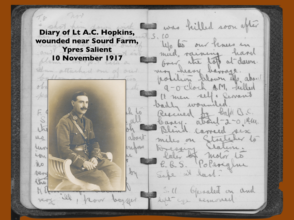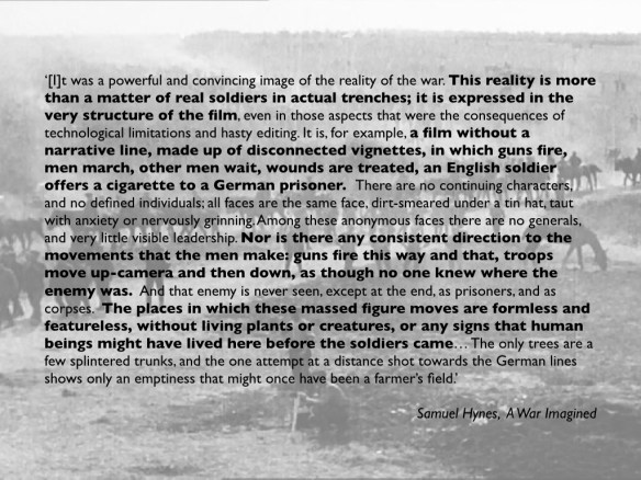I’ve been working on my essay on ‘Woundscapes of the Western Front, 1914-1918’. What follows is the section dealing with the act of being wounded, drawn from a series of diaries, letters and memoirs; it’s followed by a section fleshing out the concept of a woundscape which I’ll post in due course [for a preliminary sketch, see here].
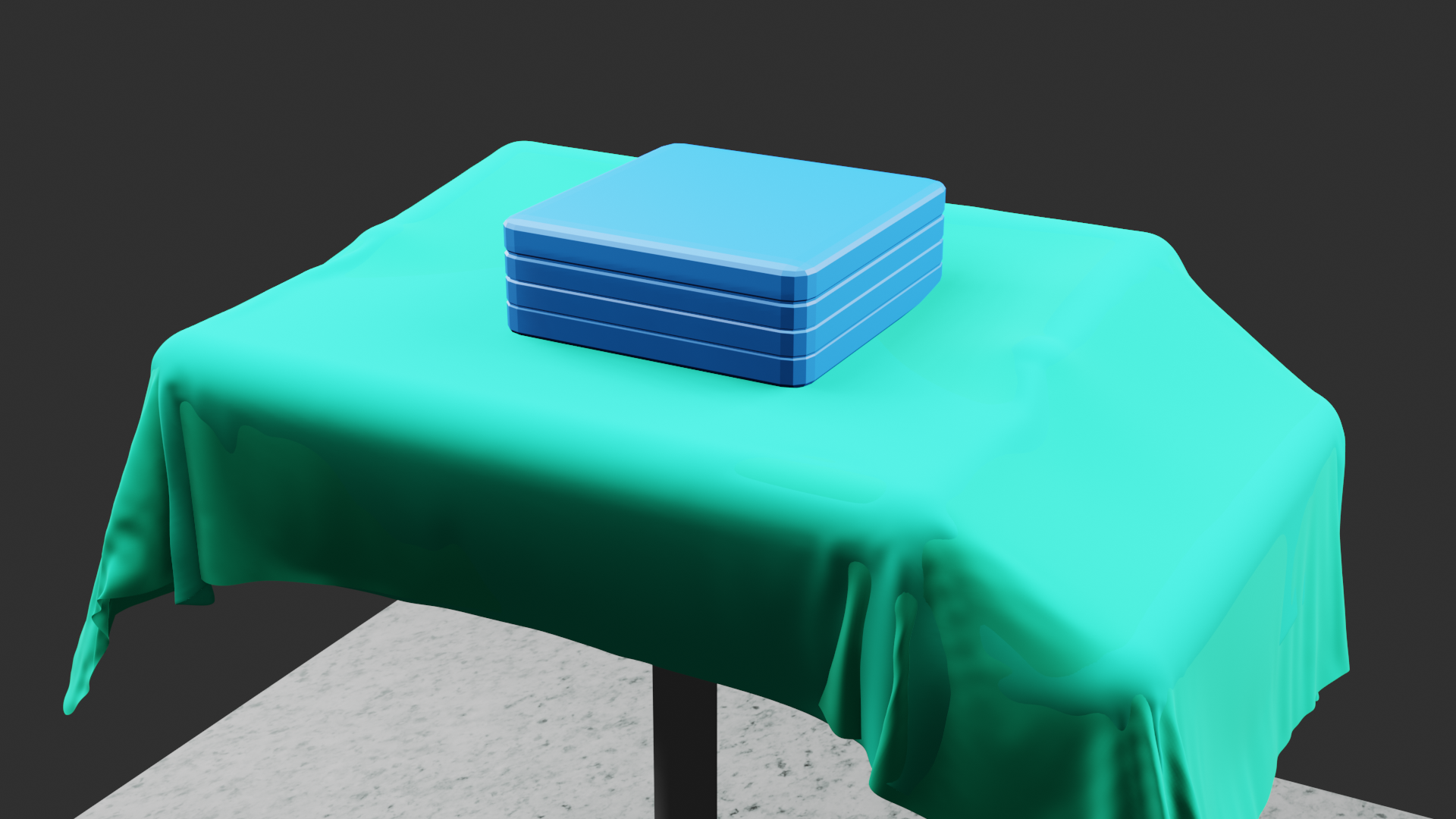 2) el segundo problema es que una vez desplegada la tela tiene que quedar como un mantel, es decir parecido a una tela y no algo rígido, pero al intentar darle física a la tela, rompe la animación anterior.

---

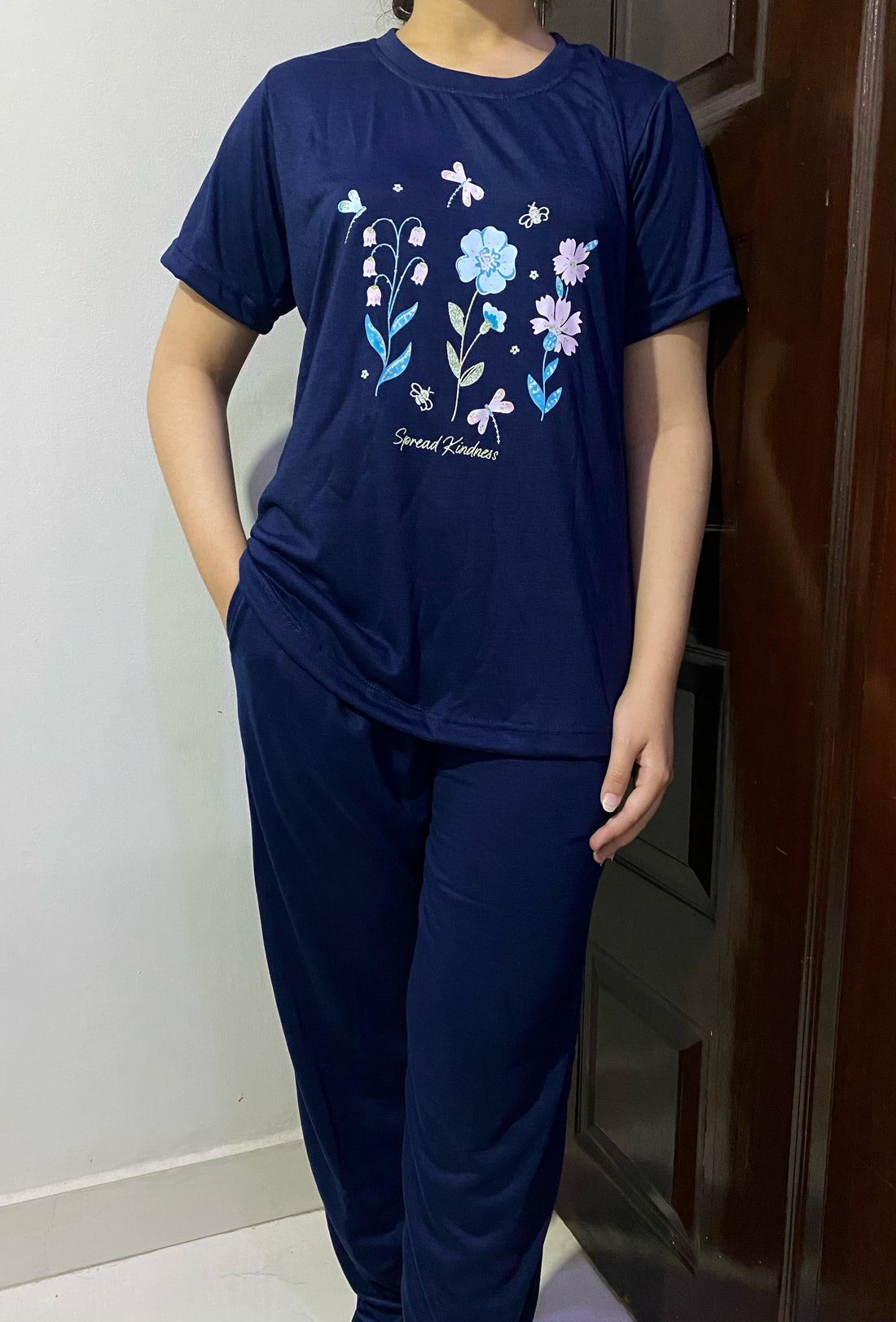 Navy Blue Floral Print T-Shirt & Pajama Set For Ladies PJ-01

---

◆ What is being asked: Leaving out all pictures, set down exactly the lines of the material above, from the line with "I’ve been working" to the line with "2) el segundo" inclusive, and no others.

◆ Result for this exercise:
I’ve been working on my essay on ‘Woundscapes of the Western Front, 1914-1918’. What follows is the section dealing with the act of being wounded, drawn from a series of diaries, letters and memoirs; it’s followed by a section fleshing out the concept of a woundscape which I’ll post in due course [for a preliminary sketch, see here].
 2) el segundo problema es que una vez desplegada la tela tiene que quedar como un mantel, es decir parecido a una tela y no algo rígido, pero al intentar darle física a la tela, rompe la animación anterior.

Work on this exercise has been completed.